How can they help us understand the meaning of justice after such widescale atrocity? Can they help clear the fog of hate and despair, of recycled violence and revenge?
Gaza Is a Trap
Justice, like the just war tradition, is never abstract, which is part of the challenge of studying philosophical concepts. To know what is just is a matter not only of “right relations” but of practical context, constraints, and history. Herbert Butterfield famously thought of the work of diplomacy as a branch of applied history.
When we talk about Israel and Palestine, the story matters. The origin of the Jewish state after World War II, a major effort taken up by the international community and authorized in UN Resolution 181, did indeed dispossess many Palestinians. The postcolonial chaos after the British withdrawal, not unlike in many places where empires folded and departed overnight after the war (think of India and Pakistan), was violent and brutal. The eventual existence of a Jewish state was not a foregone conclusion. It was nearly snuffed from existence in 1967 again, when its Arab neighbours invaded. This Six-Day War was when Israel took control of Gaza, the Sinai, the Golan Heights, and the West Bank. In return for recognition from Egypt, Sinai was returned in a peace process. Gaza was not returned, though it was originally under the control of Egypt and attempts have been made on several occasions to “return” it to Egypt. Again in 1973, during the Yom Kippur War, of which this past weekend was a kind of perverse anniversary, a surprise attack, owed in part to a major failure of Israeli intelligence, nearly ended the country again. That war nearly escalated to nuclear confrontation between the United States and the Soviet Union, the Americans at one point surfacing their nuclear submarines to ward off direct intervention from other powers. It is a role that the USS Gerald R. Ford Carrier Strike Group in the Mediterranean today will find familiar.

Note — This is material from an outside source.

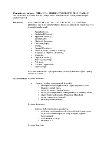 Charakterystyka bazy - CHEMICAL ABSTRACTS SELECTS PLUS (CAPLUS) - na platformie SciFinder Scholar (wersja web – nieograniczona liczba jednoczesnych użytkowników). zawartość: Baza CHEMICAL ABSTRACTS SELECTS PLUS (CAPLUS) na platformie SciFinder Scholar oferuje dostęp do czasopism z następujących dyscyplin naukowych: Agrochemicals, Analytical Chemistry, Applied Chemistry, Biochemistry, Chemical Reactions, Chromatography, Energy, General Chemistry, Health Hazards, Safety & Toxicity, Inorganic & Physical Chemistry, Materials, Organic Chemistry, Pathology & Drugs, Polymers, Polymer Degradation, Spectroscopy. Baza zawiera również opisy patentowe, materiały konferencyjne, raporty techniczne i inne. wyszukiwanie: Explore Reference Literatury według następujących kryteriów: o tematyki badawczej (Research Topic) za pomocą słów kluczowych lub frazy, o nazwiska autora (Author Name), o nazwy przedsiębiorstwa lub organizacji (Company Name), o identyfikator dokumentu (Document Identifier), o tytułu czasopisma (Journal), o numeru patentu (Patent). Explore Substances Substancji chemicznych na podstawie: o struktury chemicznej związku (z możliwością zawężenia wyniku do charakterystyki, klasy związku, aspektu badawczego), o wzoru sumarycznego, o numeru CAS. Explore Reactions Reakcji chemicznych (z możliwością zawężenia wyniku do typu reakcji, źródła, roku publikacji). Ważne!!! Rejestracja musi być dokonana z komputera w sieci uczelnianej!. Ważne: adres email z domeny put.poznan.pl Ważne: hasło musi składać się z co najmniej 7 znaków i zawierać kombinację małych, dużych liter oraz cyfr) Ważne: Podczas rejestracji należy obowiązkowo wypełnić wszystkie pola oznaczone * Aktualizacja: 21-05-2013 Pracownia E-biblioteki Beata Korzystka

Justice, like the just war tradition, is never abstract.
Since that time, the peace process has been nothing short of a disaster. Despite Israel evacuating from Gaza in 2005, and the subsequent elections of Hamas, no meaningful progress has been made on the originally planned two-state solution. Hamas maintains what to many would seem a surprising amount of support among the civilian population—they are not a minority fringe. And they are not, it should be emphasized, interested in two states. They are interested in driving a genocidal campaign of Jewish eradication. It is hard, in that context, to negotiate a middle ground.
None of which is to say Israeli policy in the West Bank and Gaza has not been a terrible failure. Israelis themselves say this, as one would expect in a vibrant and outspoken democracy. The dramatic expansion of Israeli settlements in the West Bank, the normalization of Arab state relations with Israel, and the pivot of the United States to the Pacific has meant for Netanyahu’s government that the Palestinian peace process is effectively a dead letter. There was no incentive to do more: Gaza would remain bottled up, perhaps a project for the United Nations or other Arab states to sort out (one does recall that until 1967 it was Egyptian and that it maintains a major land border with Egypt), and the West Bank—which seemed more Fatah and less Hamas—would slowly be converted into more and more Israeli settlements. The incentive to do more, especially in a coalition government with its own share of radicals, was low.
All of which is to say that Gaza is a trap. The atrocities committed in southern Israel—into territory originally part of the Resolution 181, and legally, internationally, not occupied territory—were designed for maximal savagery. All sides want that savagery in your feeds. It serves their purposes.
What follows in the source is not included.